## [DATA RECORDS]
○ ○ ○

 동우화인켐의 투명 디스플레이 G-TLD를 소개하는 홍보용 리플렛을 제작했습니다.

○ ○ ○

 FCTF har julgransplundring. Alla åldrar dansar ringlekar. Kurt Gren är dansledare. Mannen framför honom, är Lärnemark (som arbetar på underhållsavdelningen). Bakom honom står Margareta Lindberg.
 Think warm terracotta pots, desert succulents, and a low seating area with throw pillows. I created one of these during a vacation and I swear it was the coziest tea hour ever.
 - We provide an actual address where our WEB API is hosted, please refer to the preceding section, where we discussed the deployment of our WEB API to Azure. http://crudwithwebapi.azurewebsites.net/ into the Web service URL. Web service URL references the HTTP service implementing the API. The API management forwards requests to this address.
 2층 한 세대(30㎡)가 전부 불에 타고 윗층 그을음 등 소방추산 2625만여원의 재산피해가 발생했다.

○ ○ ○

## [EXERCISE PROMPT]
Using the data above, repeat exactly the lines that begin at the line with "FCTF har julgransplundring." and end at the line with "2층 한 세대(30㎡)가", both ends included.

## [RESULT FOR THIS EXERCISE]
 FCTF har julgransplundring. Alla åldrar dansar ringlekar. Kurt Gren är dansledare. Mannen framför honom, är Lärnemark (som arbetar på underhållsavdelningen). Bakom honom står Margareta Lindberg.
 Think warm terracotta pots, desert succulents, and a low seating area with throw pillows. I created one of these during a vacation and I swear it was the coziest tea hour ever.
 - We provide an actual address where our WEB API is hosted, please refer to the preceding section, where we discussed the deployment of our WEB API to Azure. http://crudwithwebapi.azurewebsites.net/ into the Web service URL. Web service URL references the HTTP service implementing the API. The API management forwards requests to this address.
 2층 한 세대(30㎡)가 전부 불에 타고 윗층 그을음 등 소방추산 2625만여원의 재산피해가 발생했다.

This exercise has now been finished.